Some industrial projects of the State Program for Industrial and Innovative Development will also be implemented thanks to borrowing. For example, 10 billion tenge government secured loans will be used to continue works on 500 kV overhead line Shulbinsk hydroelectric power plant – Aktogay – Taldykorgan – Almaty. For implementation of the “Integrated Gas and Chemical Complex, phase 1” project in 2016–2018 556.7 billion tenge of secured loans will be raised.
Despite external shocks situation in social sphere remains rather stable: during 11 months of the previous year nominal population income increased by 7.6%, and real one by 1.5%. Thereat average monthly nominal wage is 126.5 thousand tenge, it increased by 5% in nominal terms and decreased by 1.5% in real terms. Unemployment rate is 5%.

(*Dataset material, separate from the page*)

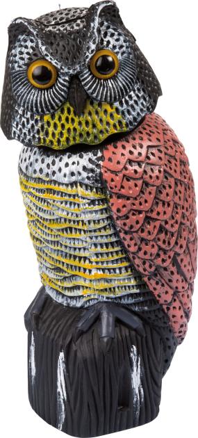 Ένα ρεαλιστικό μοντέλο κουκουβάγιας προστατεύει τον κήπο από τα πουλιά. Κατασκευασμένη από ανθεκτικό πλαστικό, είναι ταυτόχρονα λειτουργική και διακοσμητική, ιδανική για εξωτερική χρήση για ένα καθαρό και ασφαλές περιβάλλον.

Due to reduction of internal demand and reduction of oil and metal prices external turnover of Kazakhstan for 11 months of the year 2015 reduced by 36.8% and amounted to $70.6 billion, including export reduction by 42.4% (to $42.8 billion), and import reduction by 25.7% (to $27.9 billion). Consequently, export surplus reduced by 40.6% – to $14.9 billon. International reserves of the country as of January 1, 2016 amounted to $91.6 billion, having reduced by 10.6%, including reduction of assets of the National Fund by 13.3% (to $63.5 billion) and reduction of gold-value assets of the National Bank by 3.9% (to $28.1 billion).
It remains to be added that the anti-crisis plan shall ensure economic and social stability in the country for the next three years. Meanwhile based on forecasts of the World Bank during that time growth rate of our economy will remain low. Weak internal demand will limit growth in industry and services. GDP growth in 2016 will be 1.1%, and in 2017–2018 it will be 3.3% and 3.4% correspondingly. Analytics of the World Bank believe that start of oil production at the Kashagan offshore field, stabilization of oil prices and recovery of Russia’s economy can affect positively the economy of Kazakhstan.